Д.Медведев: Конституцию вообще не нужно переписывать под какие-то даты, Конституцию нужно менять только в случае крайней необходимости, когда мы считаем, что какие-то положения Конституции либо не выдержали проверку временем, либо ослабляют общую государственную конструкцию. Причём это, конечно, не касается основополагающих прав и свобод человека, там и отдельный порядок изменения, и там в целом можно считать, что вообще всё выписано в соответствии с мировыми канонами. В отношении православия, знаете, опять же у каждого человека может быть своя точка зрения: у Мизулиной одна точка зрения, у Железняка похожая точка зрения, у кого-то иная точка зрения. Я, например, в церковь хожу, но хожу туда не как премьер-министр. Я туда ходил и до того, как приехал в Москву работать, и буду туда ходить после того, как закончу свою государственную карьеру, и какие бы ни были нормы в отношении свободы совести, я туда буду продолжать ходить, даже если Конституция изменится. Мне кажется, это абсолютно нормально. У нас, кстати, в «Единой России» есть не только представители тех, кто относится к православной конфессии, есть люди, которые себя идентифицируют как мусульмане, есть представители других конфессий. Это нормально абсолютно. Наше религиозное чувство не должно быть связано с нашим партийным билетом, это, на мой взгляд, абсолютно очевидно. Поэтому, на мой взгляд, установление каких-либо специальных преференций недопустимо. В соответствии с нормами Конституции у нас, вообще-то, провозглашена свобода совести: каждый выбирает себе церковь по своим ощущениям или говорит о том, что он является атеистом. Это и есть цивилизованный подход к этим отношениям.
В.Такменёв: Дмитрий Анатольевич, 20 лет Конституции. По этому случаю, как мы слышали на днях, Президент Владимир Путин согласился с предложением и собирается сам внести законопроект в Госдуму об амнистии. И сейчас многие знаете о чём гадают – станет ли эта амнистия широким жестом власти, то есть коснётся ли она людей, в приговорах которых многие видели политический подтекст. Речь сейчас не о тех сотнях и тысячах, которые сидят за какое-то мелкое воровство. Я понимаю, что это вопрос, наверное, не столь Вашей компетенции, поэтому хочу спросить Вас не как Председателя Правительства, а как просто человека, политика, председателя правящей партии, в конце концов. Почему бы не воспользоваться этой датой и не амнистировать Ходорковского, Pussy Riot, узников «болотного дела»? Перелистнуть эту страницу и начать общаться с частью общества с чистого листа?

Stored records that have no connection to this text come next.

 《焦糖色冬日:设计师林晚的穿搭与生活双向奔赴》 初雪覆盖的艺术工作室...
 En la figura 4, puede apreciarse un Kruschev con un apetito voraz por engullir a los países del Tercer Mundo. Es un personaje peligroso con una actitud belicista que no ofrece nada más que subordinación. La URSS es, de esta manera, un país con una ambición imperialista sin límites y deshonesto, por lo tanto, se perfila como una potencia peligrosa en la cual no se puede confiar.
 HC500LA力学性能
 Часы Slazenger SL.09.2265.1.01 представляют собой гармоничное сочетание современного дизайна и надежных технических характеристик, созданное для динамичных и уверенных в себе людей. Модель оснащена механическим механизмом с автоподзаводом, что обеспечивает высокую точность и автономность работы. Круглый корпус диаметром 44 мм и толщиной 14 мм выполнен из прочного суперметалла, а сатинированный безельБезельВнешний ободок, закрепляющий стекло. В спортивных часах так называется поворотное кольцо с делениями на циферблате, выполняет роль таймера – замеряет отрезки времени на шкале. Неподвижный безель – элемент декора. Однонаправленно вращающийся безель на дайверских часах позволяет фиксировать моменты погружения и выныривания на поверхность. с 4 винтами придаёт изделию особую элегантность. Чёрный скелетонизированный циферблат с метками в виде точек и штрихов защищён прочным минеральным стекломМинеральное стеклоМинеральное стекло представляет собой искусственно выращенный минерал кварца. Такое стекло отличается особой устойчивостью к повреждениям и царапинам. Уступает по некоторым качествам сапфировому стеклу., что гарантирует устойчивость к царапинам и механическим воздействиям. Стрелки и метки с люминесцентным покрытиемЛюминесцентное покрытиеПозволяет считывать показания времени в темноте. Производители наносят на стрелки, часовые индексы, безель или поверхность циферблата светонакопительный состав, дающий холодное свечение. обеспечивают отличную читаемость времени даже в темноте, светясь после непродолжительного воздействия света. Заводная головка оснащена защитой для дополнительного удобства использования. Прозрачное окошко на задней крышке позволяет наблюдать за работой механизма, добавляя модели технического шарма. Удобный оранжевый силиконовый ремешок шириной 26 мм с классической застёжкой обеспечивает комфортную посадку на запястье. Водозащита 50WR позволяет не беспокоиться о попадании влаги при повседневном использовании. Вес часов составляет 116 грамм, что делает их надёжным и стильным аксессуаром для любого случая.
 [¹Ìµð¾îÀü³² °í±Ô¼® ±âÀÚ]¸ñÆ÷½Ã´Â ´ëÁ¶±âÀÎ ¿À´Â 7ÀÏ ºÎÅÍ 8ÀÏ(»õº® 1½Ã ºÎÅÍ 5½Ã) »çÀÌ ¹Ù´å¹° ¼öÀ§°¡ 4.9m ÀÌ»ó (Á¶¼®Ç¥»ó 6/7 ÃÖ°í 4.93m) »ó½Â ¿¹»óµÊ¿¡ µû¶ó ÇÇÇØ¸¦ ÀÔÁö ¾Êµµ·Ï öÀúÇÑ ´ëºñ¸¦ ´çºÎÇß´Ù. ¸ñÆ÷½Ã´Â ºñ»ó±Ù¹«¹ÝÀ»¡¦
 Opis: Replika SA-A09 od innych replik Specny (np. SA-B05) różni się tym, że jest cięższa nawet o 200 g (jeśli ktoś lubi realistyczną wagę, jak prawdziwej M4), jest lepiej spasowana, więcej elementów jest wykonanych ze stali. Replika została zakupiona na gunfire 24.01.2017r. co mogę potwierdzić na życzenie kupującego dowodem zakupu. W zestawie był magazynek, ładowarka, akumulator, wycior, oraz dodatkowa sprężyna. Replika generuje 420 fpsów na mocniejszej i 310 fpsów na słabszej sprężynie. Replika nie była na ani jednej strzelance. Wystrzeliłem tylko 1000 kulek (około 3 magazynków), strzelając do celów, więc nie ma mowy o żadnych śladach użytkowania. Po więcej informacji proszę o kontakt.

Д.Медведев: Вадим, я действительно сейчас эти вопросы не решаю, это компетенция Президента и парламента. Тем не менее, раз вы спрашиваете, я, конечно, прокомментирую. Я действительно какое-то время назад принимал такие решения и поэтому знаю, о чём говорю. Во-первых, не нужно путать амнистию и помилование. Помилование – это индивидуальный акт, и он может осуществляться в отношении конкретных людей. Это делает Президент, глава государства, на основании мотивированного заключения и, как правило, обращения соответствующего лица. В отношении амнистии всё сложнее. Это освобождение из-под стражи, снятие уголовной ответственности с людей, которые отбывают наказание по конкретной статье. Вот вы упомянули некоторый набор людей, известных в нашей стране по разным причинам…
В.Такменёв: И не только в нашей стране.
Д.Медведев: И не только в нашей стране. Но на самом деле не стоит забывать про почти 700 тыс. человек, которые в настоящий момент находятся в местах не столь отдалённых. Мне кажется, думать нужно при принятии решения об амнистии о всей совокупности людей, которые находятся вот в этих трудных условиях.

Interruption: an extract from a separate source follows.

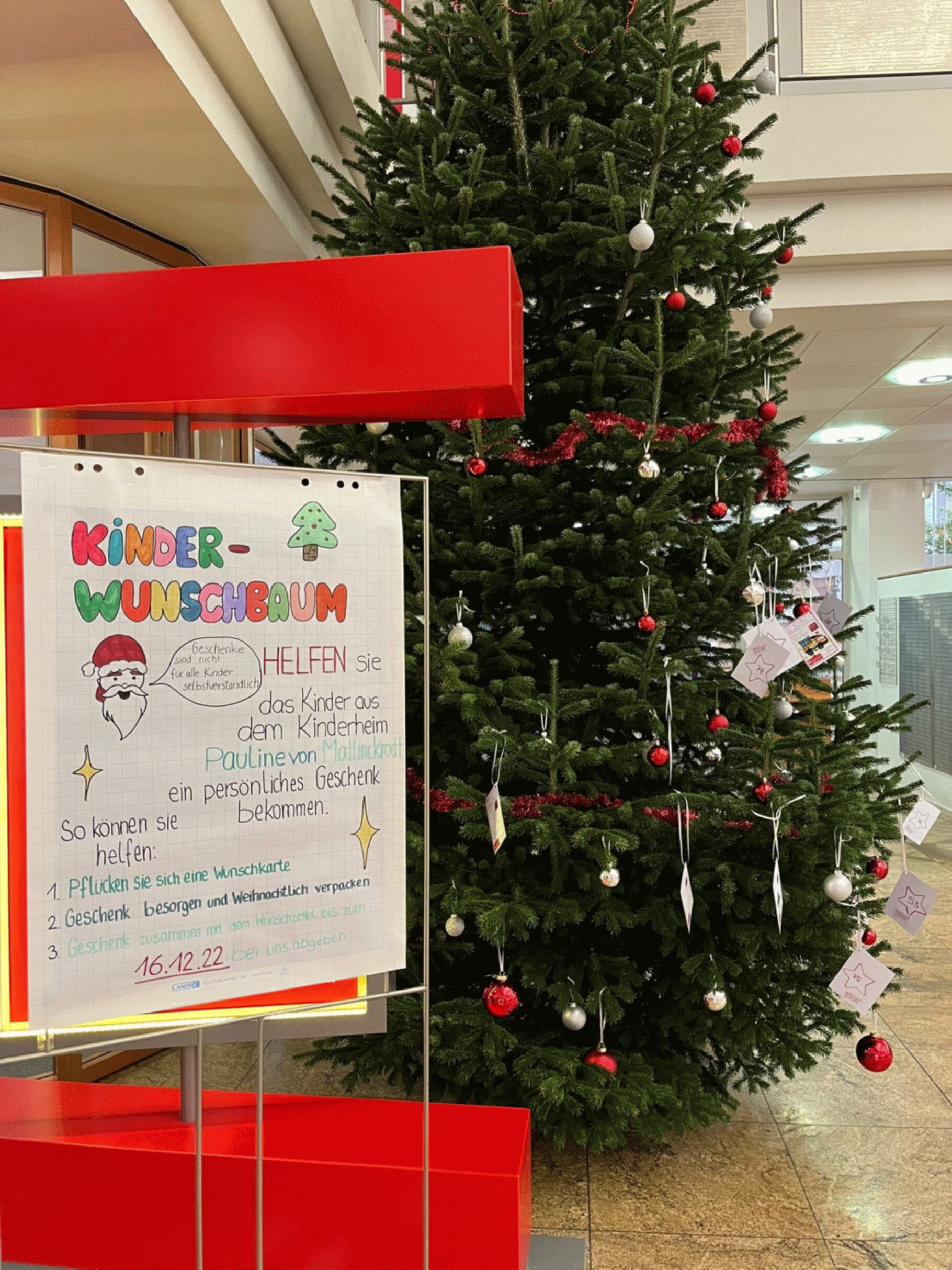132 Wunschzettel schmücken den Baum, der in der Filiale "An der Stadtmauer" in Siegburg steht. Die Kunden können sich einfach einen Wunsch vom Baum pflücken und das Geschenk bis zum 16.12.2022 in der Filiale abgeben.

Почему мы всё время думаем только о тех, кому посчастливилось попасть под лучи юпитеров или по которым есть какой-то международный спор? А о других-то кто будет думать? У нас есть несовершеннолетние, которые сидят в тюрьме, у нас есть беременные женщины, которые находятся в местах лишения свободы, у нас есть пенсионеры, которые отбывают наказание. Им что, легче жить, чем упомянутым людям, о которых вы сказали? Очевидно, что нет. Поэтому амнистия – это акт, который должен проводиться в отношении целой категории людей. И, насколько я понимаю, сейчас готовится Президентом проект соответствующего постановления Государственной Думы, которое будет распространяться на целый ряд категорий – тех, кто прежде всего нуждается в защите государства в этих условиях, тех, кто прежде всего может быть государством прощён. А амнистия в конечном счёте – это, конечно, акт такого государственного прощения. И вот это мне кажется гораздо более важным для конкретной ситуации.

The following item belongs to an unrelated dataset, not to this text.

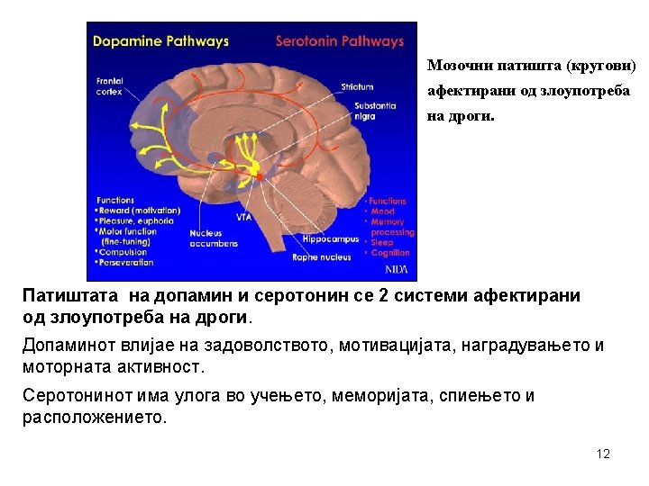 PFC – prefrontal cortex и ACG – anterior cingulate gyrus улога во инхибиторната контрола OFC – orbitofrontal cortex и SCC – subcallosal cortex улога во мотивацијата NAc – nucleus accumbens и VP – ventral pallidum улога во наградувањето Hipp – hippocampus; Amyg – amygdala – меморија/ учење 7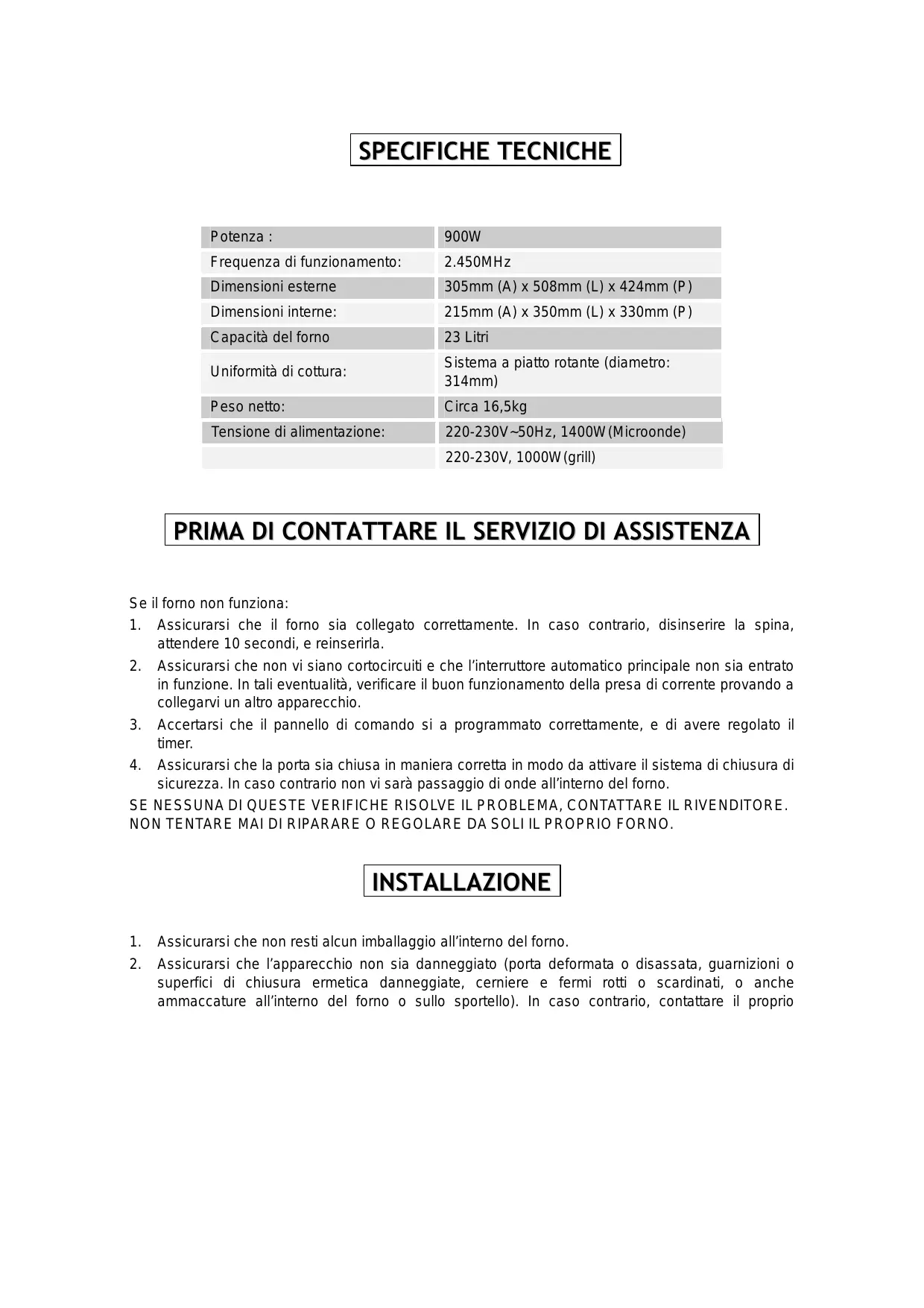 MANUTENZIONE E PULIZIA ---------------------------------------------------------------------------------------------------------------- 13 SPECIFICHE TECNICHE Potenza : 900W Frequenza di funzionamento: 2.450MHz Dimensioni esterne 305mm (A) x 508mm (L) x 424mm (P) Dimensioni interne: 215mm (A) x 350mm (L) x 330mm (P) Capacità del forno 23 Litri Uniformità di cottura: Sistema a piatto rotante (diametro: 314mm) Peso netto: Circa 16,5kg Tensione di alimentazione: 220-230V~50Hz, 1400W(Microonde) 220-230V, 1000W(grill) PRIMA DI CONTATTARE IL SERVIZIO DI ASSISTENZA Se il forno non funziona:

Если же говорить о том, кого амнистировать, – это всегда вопрос выбора, но при этом государство должно всё-таки слушать общество, а не просто так: хочу – помилую этого, хотим – амнистируем вот этих. Люди на самом деле не очень расположены к тому, чтобы, например, проводить акты амнистии в отношении лиц, совершивших насильственные преступления, в отношении лиц, которые совершили преступление против общества, в том числе хулиганство. Люди не очень расположены правильно принимать решения об амнистировании лиц, совершивших крупные государственные преступления, хищения. Поэтому общественные настроения и Президент, и парламент обязаны слышать. Иными словами, при принятии этих решений нужно ориентироваться не на фамилии, а на степень общественной опасности этих правонарушений и на судьбу конкретных лиц, оказавшихся, как правило, по своей собственной вине в этих очень сложных условиях.
М.Максимовская: Дмитрий Анатольевич, но государство могло бы дать урок гуманизма обществу, тем более что у нас в стране не так много политзаключённых. Это признают и правозащитники.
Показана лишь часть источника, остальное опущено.